Can you use a drill press for a small amount of routing. Like routing a 1/2 deep groce the could run 2-3 ft?


----------



## knotscott (Nov 8, 2007)

I don't think it'd work very well. Router's spin at 10K-22Krpms, DP's spin at a much lower rpm, and usually have more runout. 

You might have better luck with a groove on a TS or circular saw using multiple passes.


----------



## Paul Lindsey (Jan 20, 2010)

*DP*

Scott thanks for the answer.
Paul


----------



## Jwolf24601 (Dec 4, 2009)

I have used a handheld drill for routing in the past, it's kind of like screwing in flathead screws with the claw on the back of a hammer. You can make it work but generally not worth the effort.

You could drill 1/2" holes the length of it and take out the excess with a chisel and hammer...


----------



## Av8rTx (Mar 10, 2009)

table saw or even a circular saw with a fence would be a better option. Make several passes offset from each other and clean it up with a chisel


----------



## rrich (Jun 24, 2009)

Jwolf24601;114593it's kind of like screwing in flathead screws with the claw on the back of a hammer. You can make it work but generally not worth the effort.[/quote said:


> Somehow, I can picture that in my mind.
> 
> ROTFLMAO!!!
> 
> :laughing: :laughing: :laughing:


----------



## Streamwinner (Nov 25, 2008)

jwolf24601 said:


> it's kind of like screwing in flathead screws with the claw on the back of a hammer.


a+

--


----------



## garryswf (Aug 17, 2009)

Paul,
I tried using a drill press to run a barrel channel on a muzzloading rifle stock birdseye maple, ONCE, worst mistake i ever made.
Best options---Router with a homemade jig
Router set up in a router table or
a shaper
JMO


----------



## cabinetman (Jul 5, 2007)

In addition to what Scott said, think about the processes that you use a drill press for. They aren't really designed for side loads. You might find that on tapered spindle machines that the chuck could fall right off while running.


----------



## Paul Lindsey (Jan 20, 2010)

Thanks folks i appreciate the answers, I guess i will shell out some cash for a router.
Paul


----------



## Colt W. Knight (Nov 29, 2009)

You can do so much with a router, I can't imagine not owning one. 

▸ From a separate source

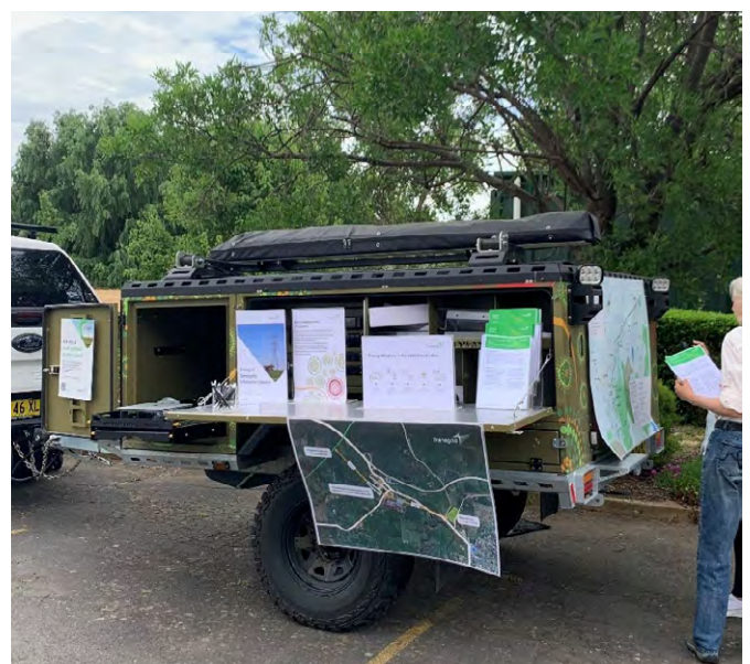
Image: Pop-up information session with RACH at the Yass Valley Men's Shed.

Thank you again to everyone who joined us!

There are a lot of inexpensive routing systems available. For not much cash on hand, I reccomend the Craftsman router/table combo which is ussually on sale for 89-99$ at Sears. I have this router and table, and made several guitars with it before I upgraded to a more expensive setup. 

I reccomend a fixed base router for your first router. Then once you figure out just how handy they are, you will want a Laminate/trim/palm router and a plunge router.


----------